Data extract:

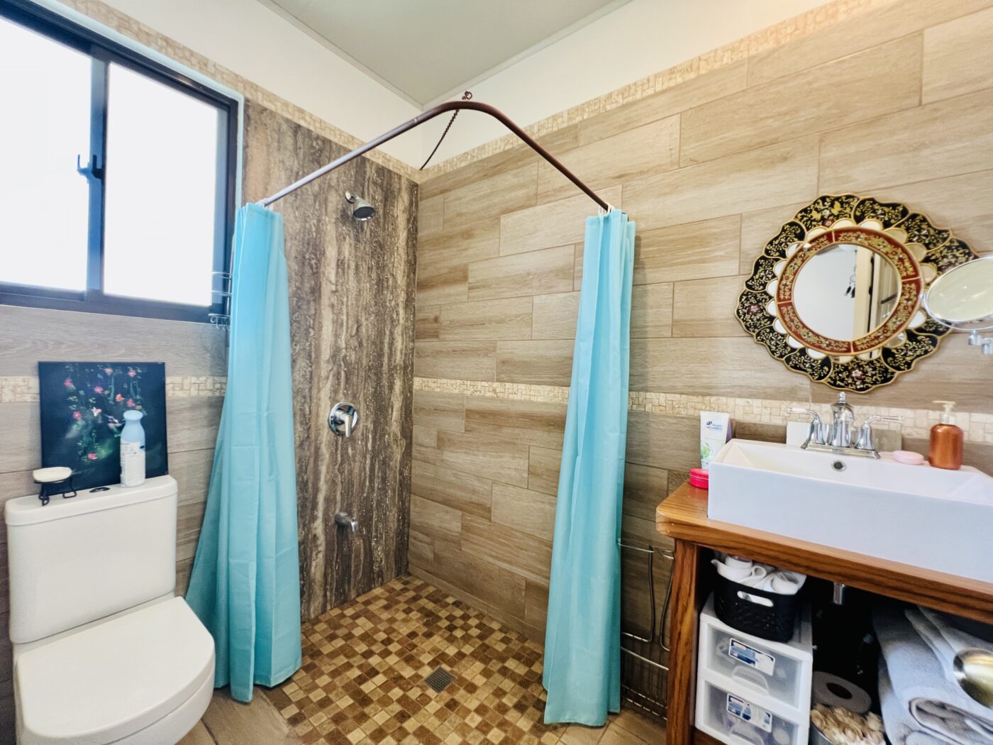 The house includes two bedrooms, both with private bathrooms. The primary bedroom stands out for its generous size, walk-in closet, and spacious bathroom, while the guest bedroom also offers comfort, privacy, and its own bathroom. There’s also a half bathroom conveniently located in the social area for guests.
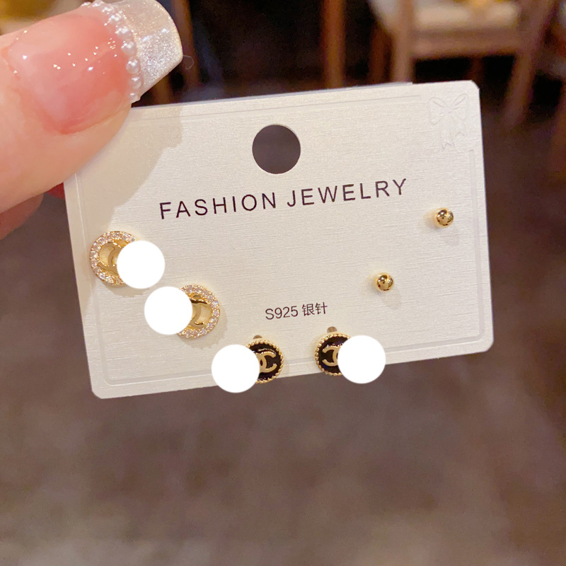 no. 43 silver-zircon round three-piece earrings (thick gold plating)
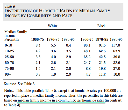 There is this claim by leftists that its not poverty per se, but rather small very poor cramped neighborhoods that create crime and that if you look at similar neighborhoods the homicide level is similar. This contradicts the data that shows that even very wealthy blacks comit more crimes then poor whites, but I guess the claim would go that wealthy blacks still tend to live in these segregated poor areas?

Problem statement: Word for word, restate all of the material, omitting the images.

Task result:
 The house includes two bedrooms, both with private bathrooms. The primary bedroom stands out for its generous size, walk-in closet, and spacious bathroom, while the guest bedroom also offers comfort, privacy, and its own bathroom. There’s also a half bathroom conveniently located in the social area for guests.
 no. 43 silver-zircon round three-piece earrings (thick gold plating)
 There is this claim by leftists that its not poverty per se, but rather small very poor cramped neighborhoods that create crime and that if you look at similar neighborhoods the homicide level is similar. This contradicts the data that shows that even very wealthy blacks comit more crimes then poor whites, but I guess the claim would go that wealthy blacks still tend to live in these segregated poor areas?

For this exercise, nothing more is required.